**YOUR OBJECTIVE:**
Make an exact transcript of the lines in the data below, starting with the one containing "有上夜班的人会下班出来逛一逛吗? 我还在守摊啊![我想静静][我想静静] 快来一个人口啊!买点吃的,我好回家睡觉觉。[大笑]" and going on through the one containing "шт, (серо-коричневый) 497", with both included and the pictures left out.

Stored dataset items
··········
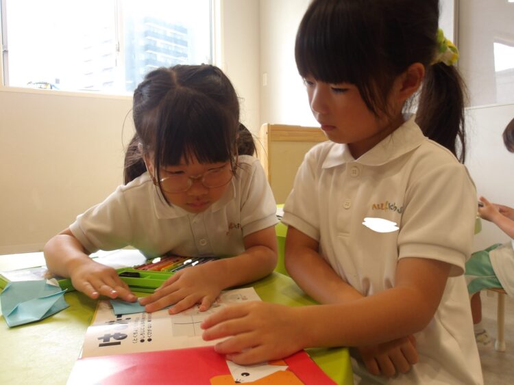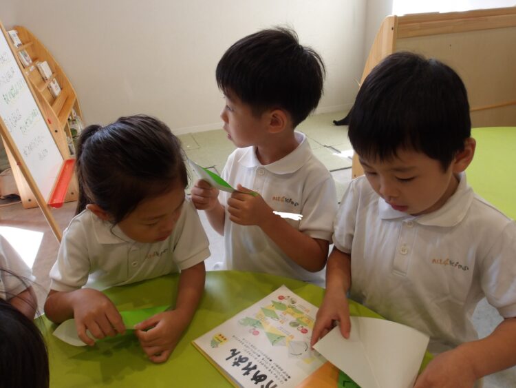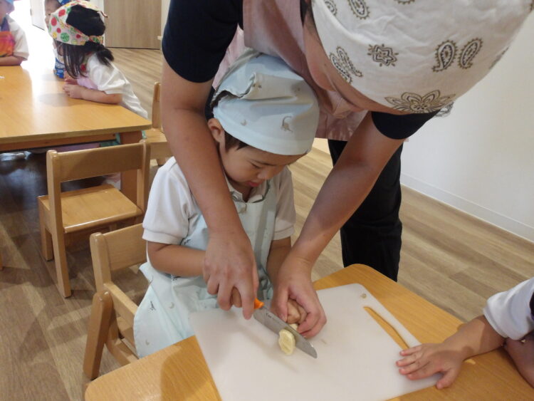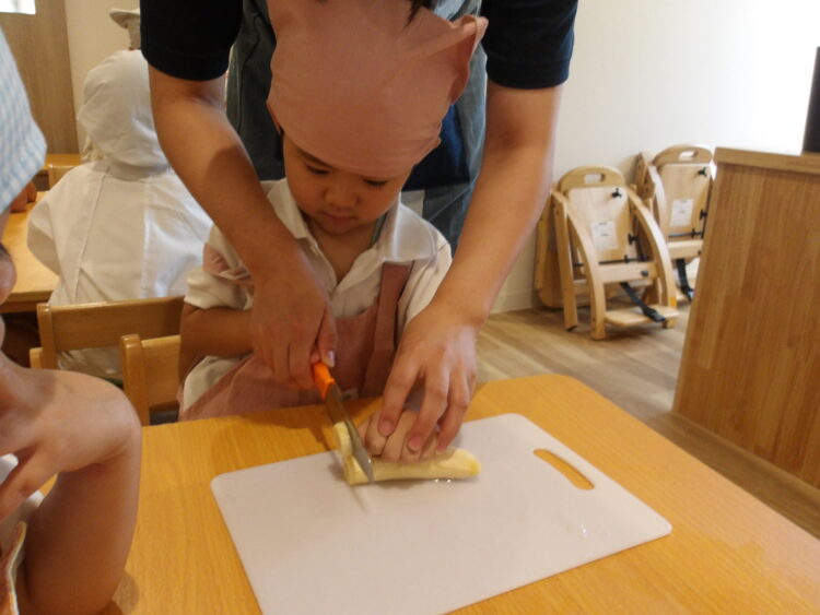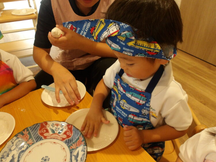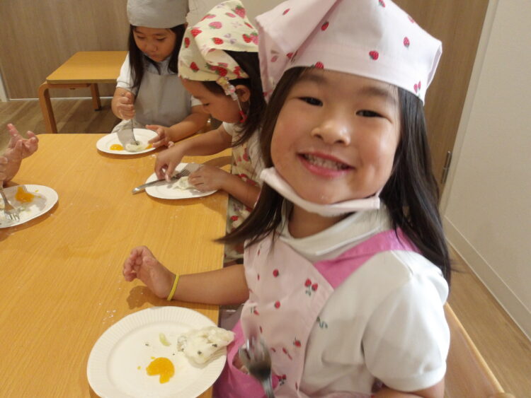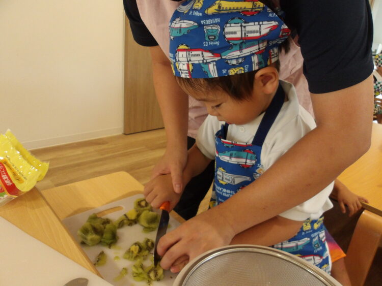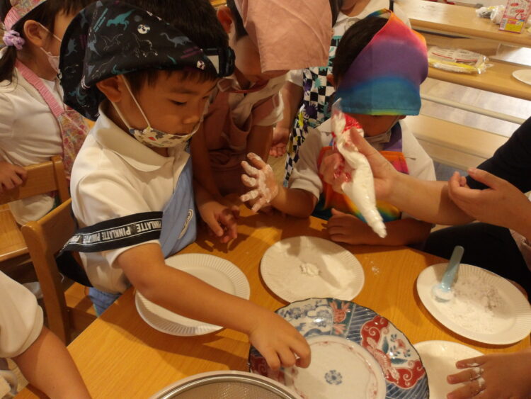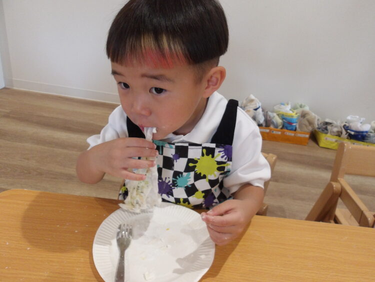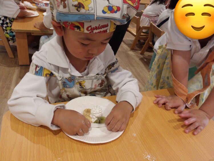 先生と一緒にキウイ🥝とバナナ🍌を切りました! 次にライスペーパーを水につけ、片栗粉をまぶしました! 最後に、生クリームと果物をのせて包んだら完成です! 自分でつくった大福が美味しかったようで、おかわりを求めるお友だちがほとんどでした🤭
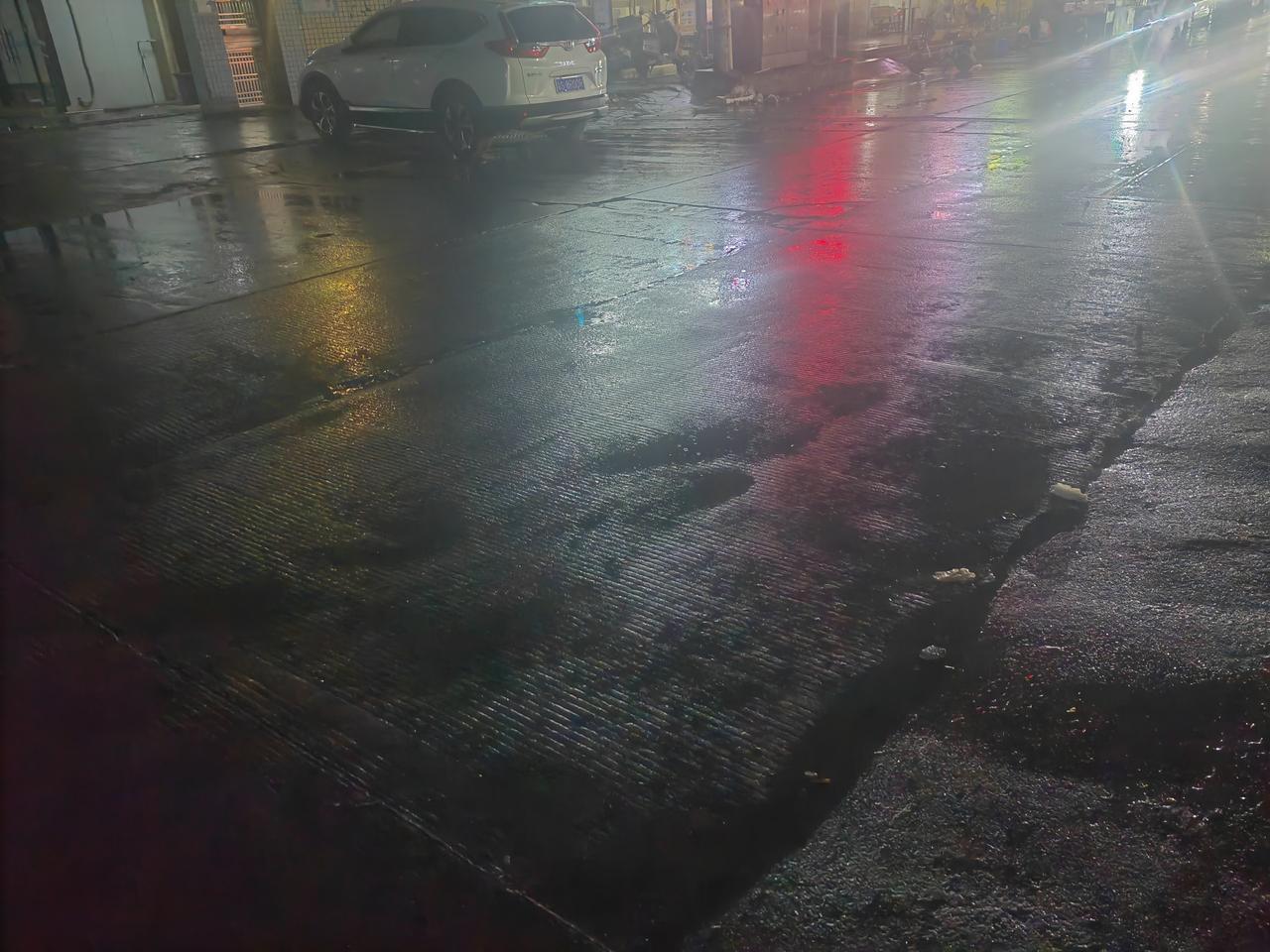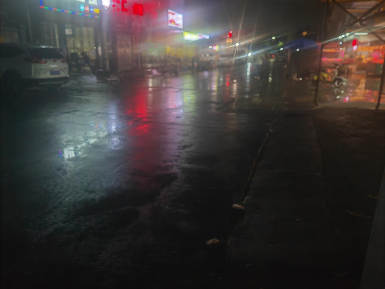 下雨咯,有两只小黑狗陪着我在大街小巷子里。狗子很乖,看到我有灯,就趴到我的桌子底下来了。 路上湿气很重,凉风直吹,我连袜子都没有穿。 买了好多零食,一边吃,一边看着马路边! 还会有人出来逛吗? 差不多12点了。 有上夜班的人会下班出来逛一逛吗? 我还在守摊啊![我想静静][我想静静] 快来一个人口啊!买点吃的,我好回家睡觉觉。[大笑]
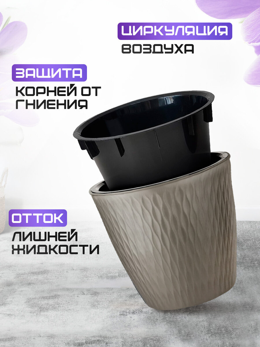Кашпо elfplast "Kerama" для растений и цветов 8,5 л 2 шт, (серо-коричневый) 497
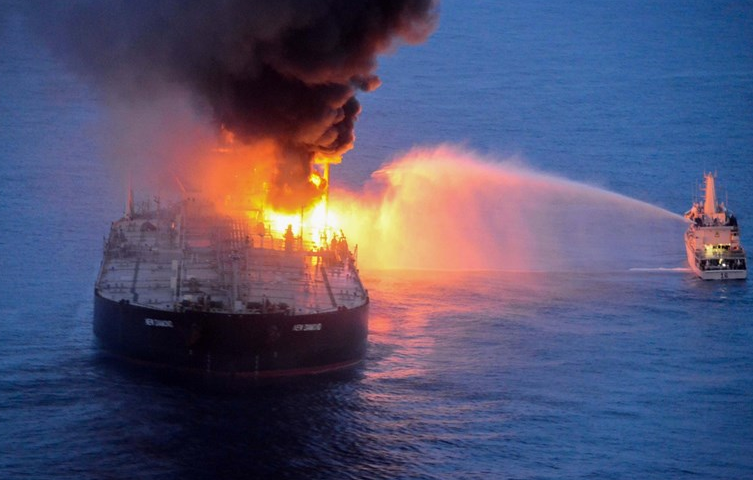 Запален танкер во Северното Море, погоден од контејнерски брод
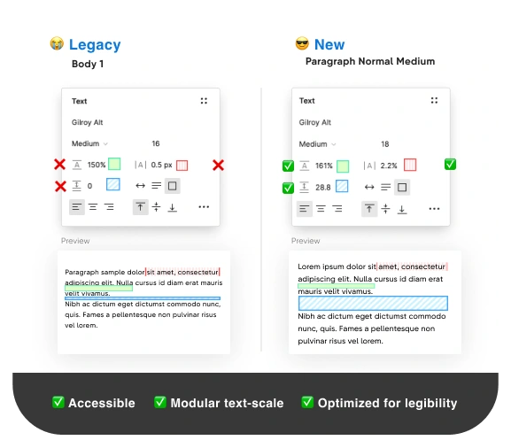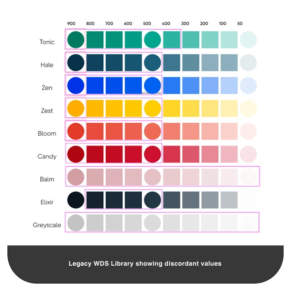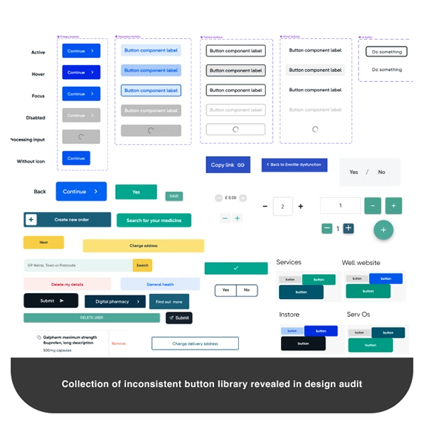 Firstly, we started auditing legacy design system libraries and filtering off the components across all the products. Thanks to Figma Analytics, we could identify the most used components and noticed a huge amount of not reusable, detached and async variants, in some cases even with inconsistent Token values. (*2 )
··········
**ANSWER SPACE:**
 下雨咯,有两只小黑狗陪着我在大街小巷子里。狗子很乖,看到我有灯,就趴到我的桌子底下来了。 路上湿气很重,凉风直吹,我连袜子都没有穿。 买了好多零食,一边吃,一边看着马路边! 还会有人出来逛吗? 差不多12点了。 有上夜班的人会下班出来逛一逛吗? 我还在守摊啊![我想静静][我想静静] 快来一个人口啊!买点吃的,我好回家睡觉觉。[大笑]
Кашпо elfplast "Kerama" для растений и цветов 8,5 л 2 шт, (серо-коричневый) 497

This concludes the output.